13 - 14 сентября 1903, 1904
Иль никогда на голос мщенья
Из золотых ножон не вырвешь свой клинок…
М. Лермонтов
Из ножен вырван он и блещет вам в глаза,
Как и в былые дни, отточенный и острый.
Поэт всегда с людьми, когда шумит гроза,
И песня с бурей вечно сёстры.
Когда не видел я ни дерзости, ни сил,
Когда все под ярмом клонили молча выи,
Я уходил в страну молчанья и могил,
В века, загадочно былые.
Как ненавидел я всей этой жизни строй,
Позорно-мелочный, неправый, некрасивый,
Но я на зов к борьбе лишь хохотал порой,
Не веря в робкие призывы.
Но чуть заслышал я заветный зов трубы,
Едва раскинулись огнистые знамёна,
Я - отзыв вам кричу, я - песенник борьбы,
Я вторю грому с небосклона.
Кинжал поэзии!
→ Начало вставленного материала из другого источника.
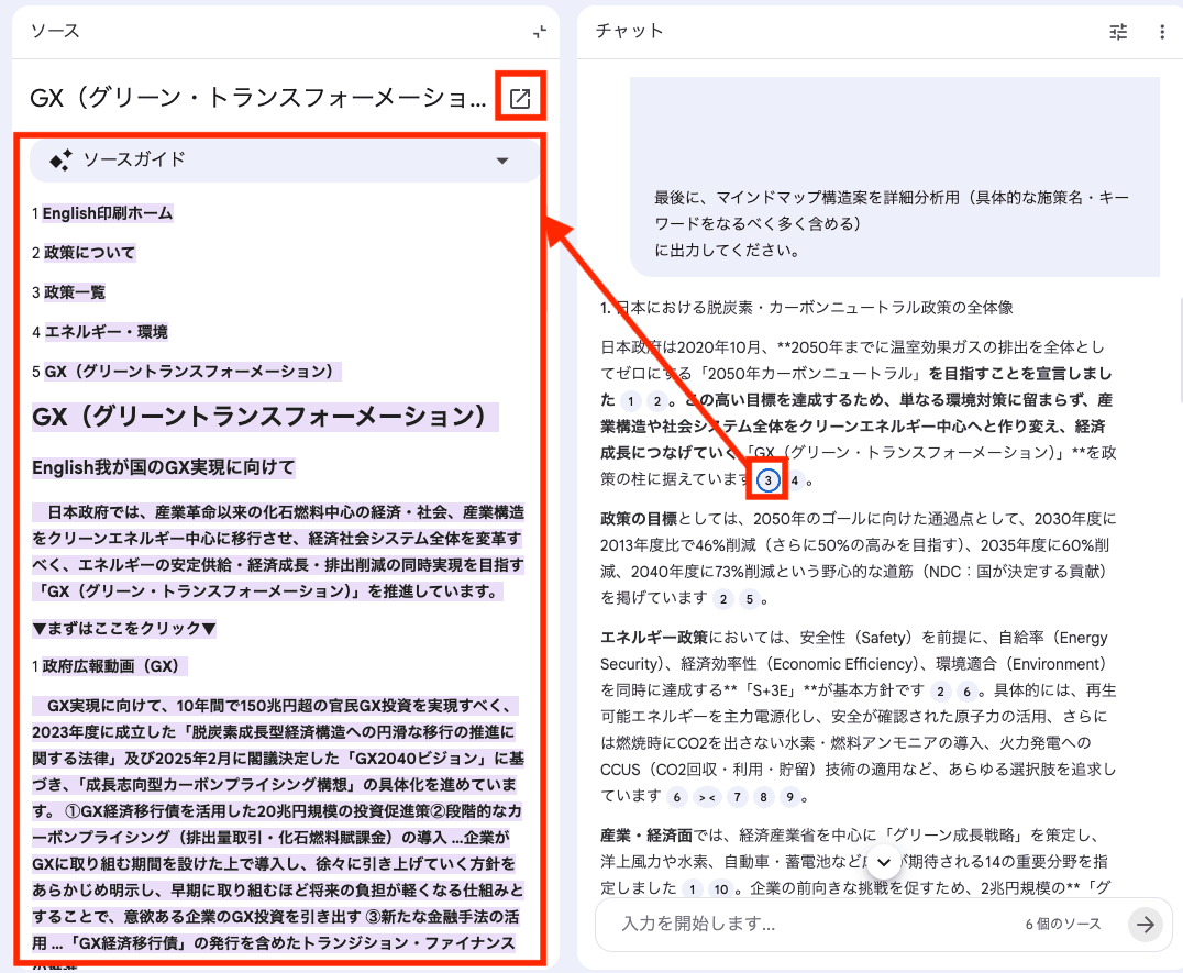 また、その文章がどのWebサイトを参照したのかも確認しやすいです。以下のように、文章の最後にある番号をクリックすると、左側にソースが表示されるようになっています。

Кровавый молний свет,
Как прежде, пробежал по этой верной стали,
И снова я с людьми, - затем, что я - поэт,
Затем, что молнии сверкали.
1903
Эпиграф - из стихотворения Лермонтова «Кинжал».
Горящее лицо земля
В прохладной тени окунула.
Пустеют знойные поля,
В столицах молкнет песня гула.
Идёт и торжествует мгла,
На лампы дует, гасит свечи,
В постели к любящим легла
И властно их смежила речи.
Но пробуждается разврат.
В его блестящие приюты
Сквозь тьму, по улицам, спешат
Скитальцы покупать минуты.
Стрелой вонзаясь в города,
Свистя в полях, гремя над бездной,
Летят немолчно поезда
Вперёд по полосе железной.
Глядят несытые ряды
Фабричных окон в тёмный холод,
Не тихнет резкий стон руды,
Ему в ответ хохочет молот.
И, спину яростно клоня,
Скрывают бешенство проклятий
Среди железа и огня
Давно испытанные рати.
Сентябрь 1902
П. П. Перцову
Довольно, пахарь терпеливый,
Я плуг тяжёлый свой водил.
А. Хомяков
Ещё я долго поброжу
По бороздам земного луга,
Ещё не скоро отрешу
Вола усталого - от плуга.
Вперёд, мечта, мой верный вол!
Неволей, если не охотой!
Я близ тебя, мой кнут тяжёл,
Я сам тружусь, и ты работай!
Нельзя нам мига отдохнуть,
Взрывай земли сухие глыбы!
Недолог день, но длинен путь,
Веди, веди свои изгибы!
Уж полдень. Жар палит сильней.
Не скоро тень над нами ляжет.
Пустынен кругозор полей.
«Бог помочь!» - нам никто не скажет.
А помнишь, как пускались мы
Весенним, свежим утром в поле
И думали до сладкой тьмы
С другими рядом петь на воле?
Забудь об утренней росе,
Не думай о ночном покое!
Иди по знойной полосе,
Мой верный вол, - нас только двое!
Нам кем-то высшим подвиг дан,
И спросит властно Он отчёта.
Трудись, пока не лёг туман,
Смотри: лишь начата работа!
А в час, когда нам темнота
Закроет все пределы круга,
Не я, а тот, Другой, - мечта, -
Сам отрешит тебя от плуга!
24 августа 1902
Эпиграф - из стихотворения А.С.Хомякова «Труженик».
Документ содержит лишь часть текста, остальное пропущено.